I get the second bit. It means that whatever you put out there (hate, love, kindness, etcetera), will be what comes back into your life. But I never really thought about the first bit much until I came across a scary email that opened with this verse. The email implies that several famous people died horribly because they made remarks that were less than respectful about God. For example, it stated that because John Lennon said that the Beatles were more popular than Jesus, Mr. Lennon getting shot to death was the punishment for that statement. (which brings me to another question: isn't there another verse or series of verses that says that once you have given your life to God, "not one of these will be snatched from my hands"?)

----------


## El Viejo

Well, my friend, here's a link to Bible Gateway where one may search numerous translations of The Bible in numerous languages:

http://www.biblegateway.com/

It would be an ideal place to find those 'snatched from my hands' verses. Good luck.

----------


## bouquin

I'm no expert on the Bible but anyway, here's my 2 cents' worth.... (I have 2 possible explanations, so make that a penny each!!) 

Firstly, perhaps what the beginning sentence of Gal. 6:7 wants to say is that we mortals need not deceive ourselves into thinking that we can sway God with our lame excuses and hypocritical justifications, or twist Him around our little fingers. God sees our hearts and true intentions. Those who are wicked can pretend to do good, to be kind; they can fool other people (and sometimes even themselves) with their false front. But God cannot be hookwinked.

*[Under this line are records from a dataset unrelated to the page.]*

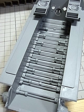 後ろ側の予備キャタピララックをプラパーツで済ませたところ、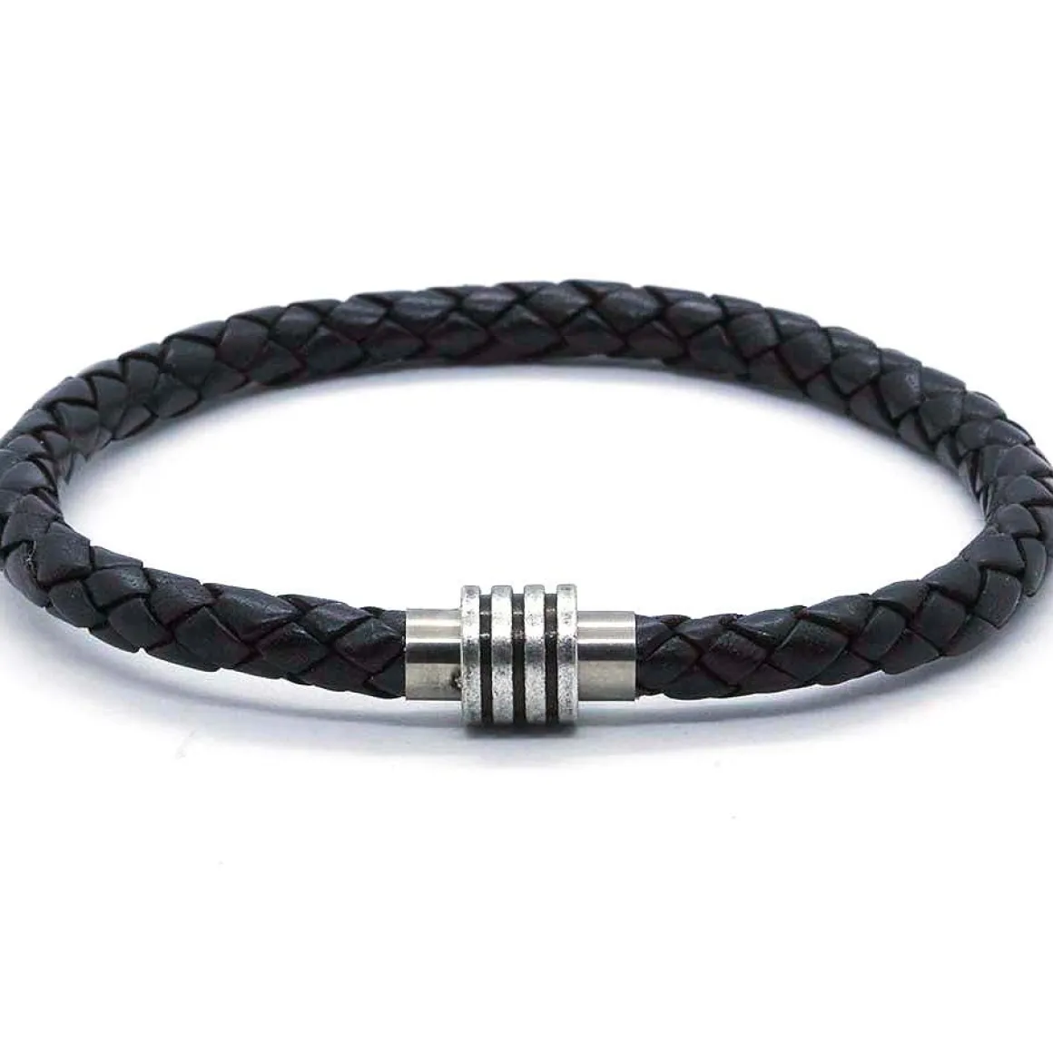6mm læder-flet i super kvalitet og med magnetlås i oxyderet matteret stål.
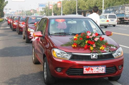 圖2:眾泰Z200HB迎婚車一字長龍排開,氣勢非凡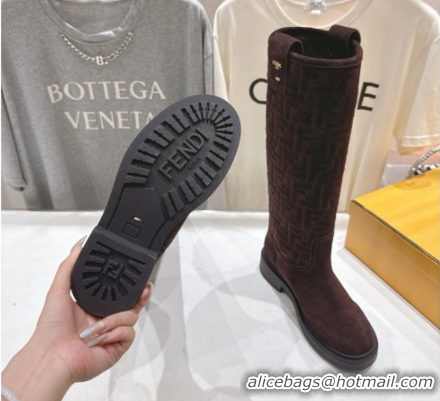 Best Product Fendi Filo Flat High Boots in FF Suede Dark Brown 2025 FE103004 1030019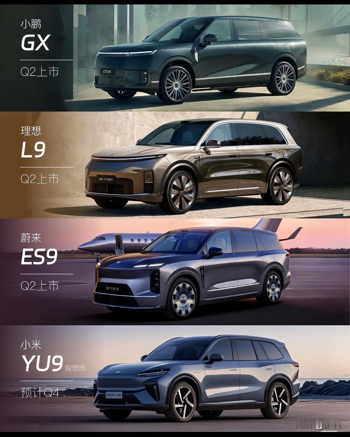 即将在2026年上市的旗舰SUV谁会成为新的王者呢? 小鹏新推出GX车型采用增程与纯电两个版本,一直走原创路线的小鹏第一次有了一个“大湾区揽胜”的别称,但是小鹏的车总有一个让人不买它的理由,比如GX的尾部设计。 理想L9的设计放眼全球都是顶级的旗舰型SUV造型,它更是开创了中国式汽车“冰箱彩电大沙发”的独特道路,L9 Livis是否能再一次让L9系列再次掀起热潮? 蔚来ES9看上去就是大号的ES8,为了旗舰而旗舰的一款产品,肯定不会产生ES8这样的销售效应,可能它又要走蔚来叫好不叫座的老路。 小米YU9的外界呼声椅子都挺高,至于是“揽胜”还是“库里南”有或是其他什么造型都不让人意外,大家都还挺相信雷军的眼光和营销能力的。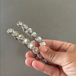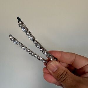 Elegant silver hair clips with sparkling rhinestones. Perfect for adding a touch of glamour.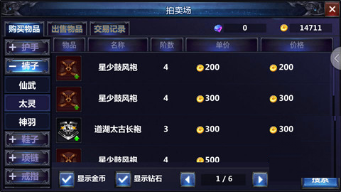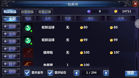 在拍卖场之中,可以看到详细的物品分类,包括武器、头饰、项链、戒指等等;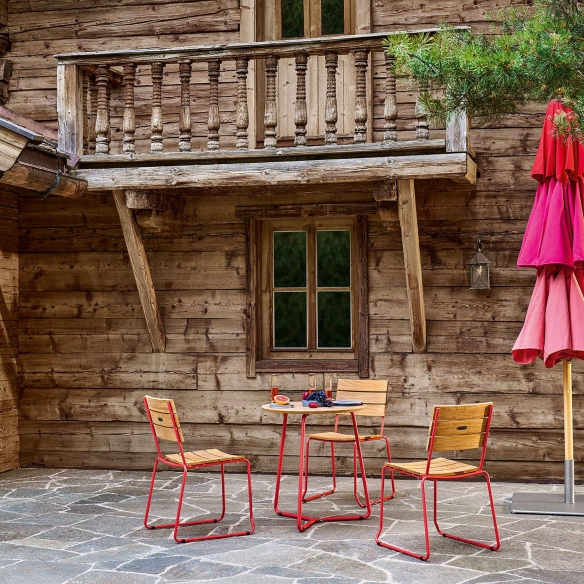 The Balcony outdoor table (diameter 65 cm) is crafted with a base in painted aluminum or steel and a top in Teak. Available in multiple finishes, the Balcony outdoor table is designed for those who wish to enhance small outdoor spaces without sacrificing style and elegance. Perfect for balconies, small terraces, or gardens, the Balcony table features a contemporary yet discreet design, making every setting unique and welcoming. The materials used for its construction are of the highest quality and have been selected to ensure a unique quality and durability. Its lightweight structure, combined with intelligent design, makes moving the Balcony table easy, rendering it an extremely versatile element. Choose the color that suits you and transform every space into an oasis of beauty and comfort. Designed by Thomas Albrecht for Weishäupl.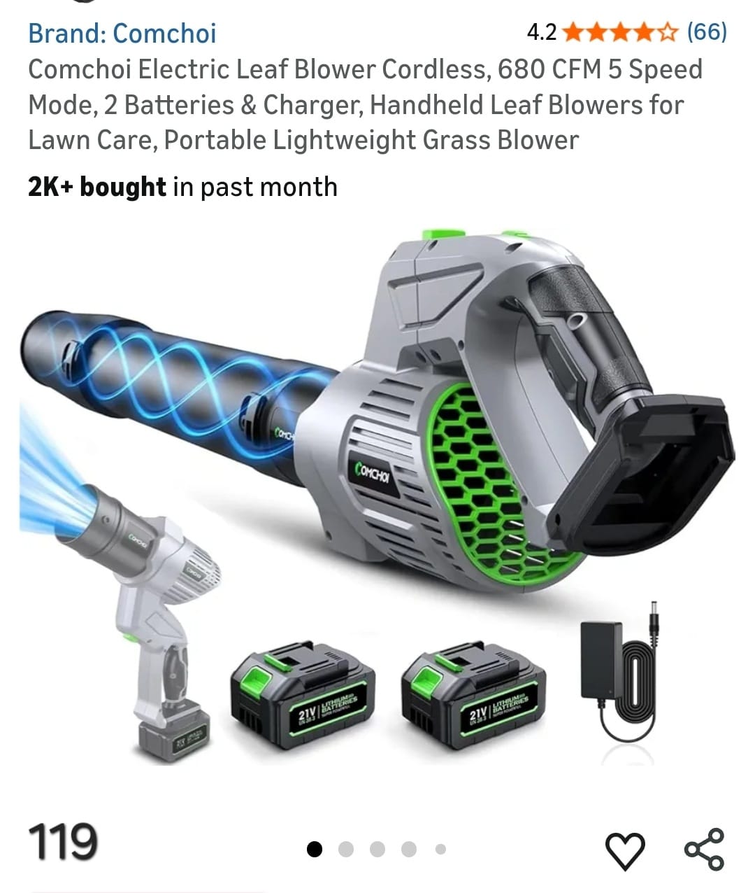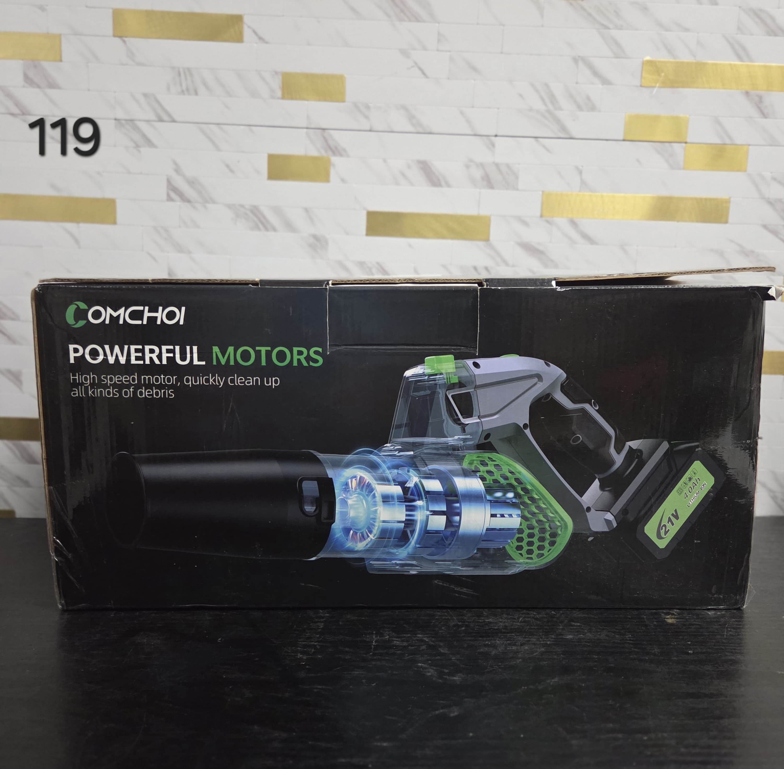 Comchoi Electric Leaf Blower Cordless, 680 CFM 5 Speed Mode, 2 Batteries & Charger, Handheld Leaf Blowers for Lawn Care, Portable Lightweight Grass Blower. Lv119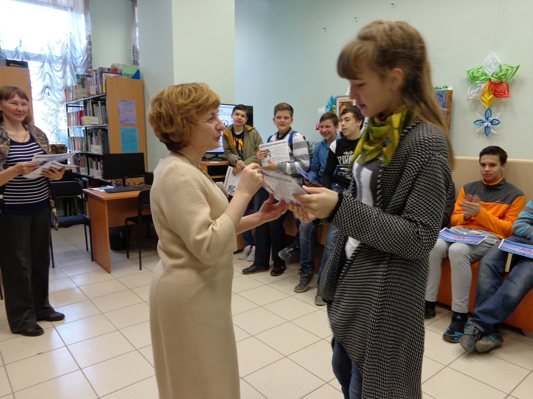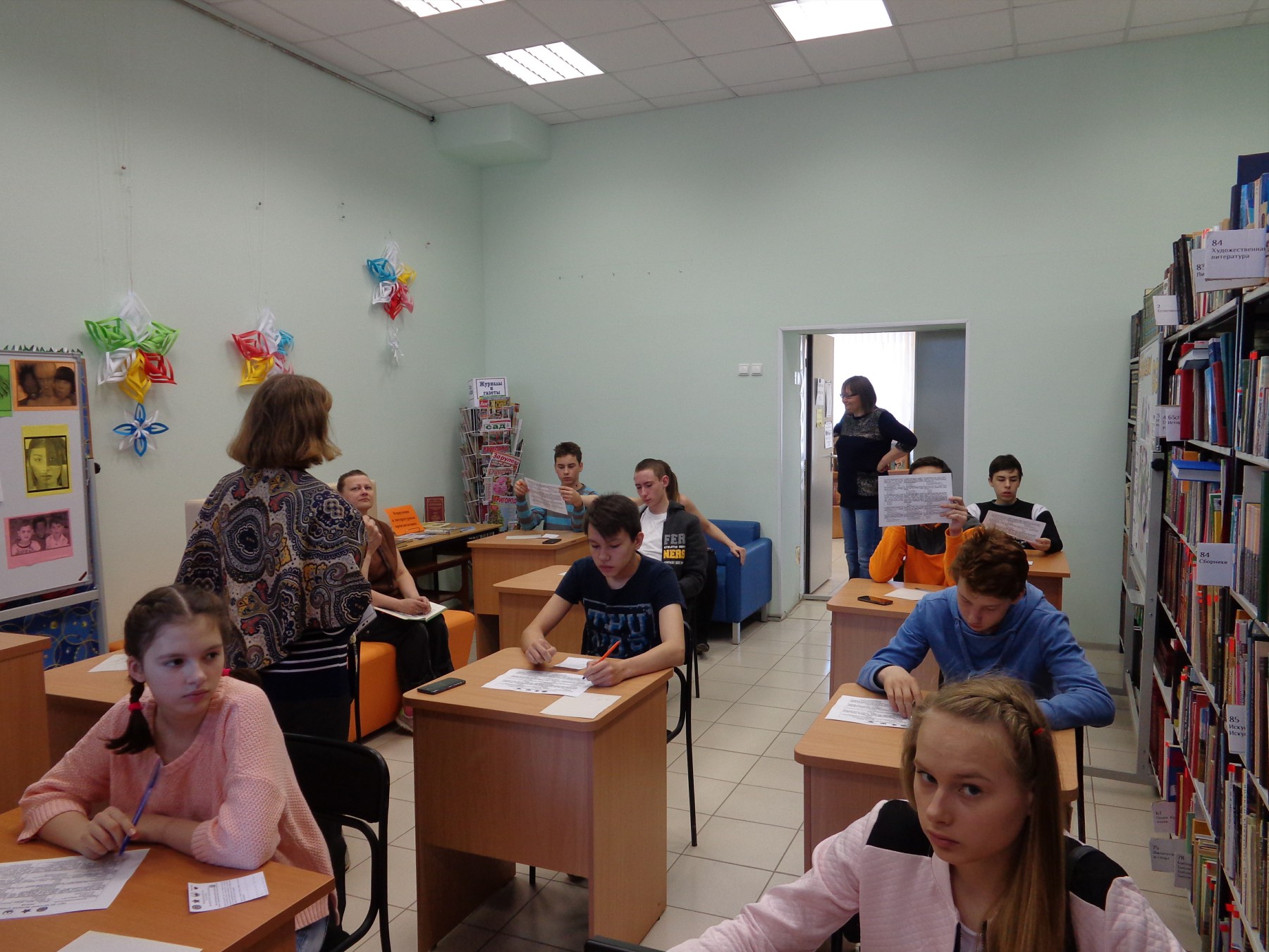 В Центральной библиотеке в Акции участвовали 19 учащиеся Долгодеревенской СОШ 14-15 лет. Перед началом тестирования с приветственным словом выступила заместитель начальника Отдела культуры Татьяна Пономарчук, отметив значимость Акции, пожелала бодрости духа и успеха участникам тестирования. Прослушав инструктаж от Елены Сойновой, ребята приступили к выполнению теста в присутствии наблюдателей и не пользуясь никакими дополнительными источниками информации.

Secondly, (and this here is more or less related to my first reasononing) the man who commits foul deeds cannot expect to go on in impunity. For God knows and sees everything that this man does (the meaning, in my opinion of the phrase "God is not mocked") and will punish him.

As for John Lennon .... I do not have the arrogance to make a judgment on the metaphysics of his death. If he did die because he was disrespectful towards God, then how about John the Baptist? The guy had his head cut off and put on a platter, didn't he? (I think that would fall within the category of a horrible death). Was it because he too was guilty of cheeky behavior towards the Almighty??

----------


## desopny

Along the same lines as what has been said, consider this: God knows a man's true motives. One cannot fool God like one can fool people. Sin lies in more than just actions: thoughts and words can also be sin. The Pharisees were good about looking correct in their actions, but God knows the heart.

----------


## togre

The Bible does not teach that wicked people will get their reward in this life. Read Luke 13:1-5. Jesus himself speaks against the idea that those who died horribly died that way because their sins were so great or so heinous. 

How is it true then that the wicked will be repaid? It's after death. The person whose life is one painful day after another, who trusts in the Jesus goes to heaven after death. The successful, happy, care-free person who does not believe in Jesus but lives just for him/herself, goes to hell.

I'm going to try to study the Galatians passage a little more thoroughly are respond again, but I can say with certainty, the email you received was hog-wash and trying to look into God's mind to discern why certain, specific things happen (ie terrible deaths of notable unbelievers).

----------


## Trillian

Thanks so much for your responses! Bouquin, I had the same thought exactly, about John the Baptist, and the many other saints that were martyred. Not to mention the fact that I read that John Lennon actually became a christian in the late seventies, before Yoko led him astray again, hence the question about the other verse.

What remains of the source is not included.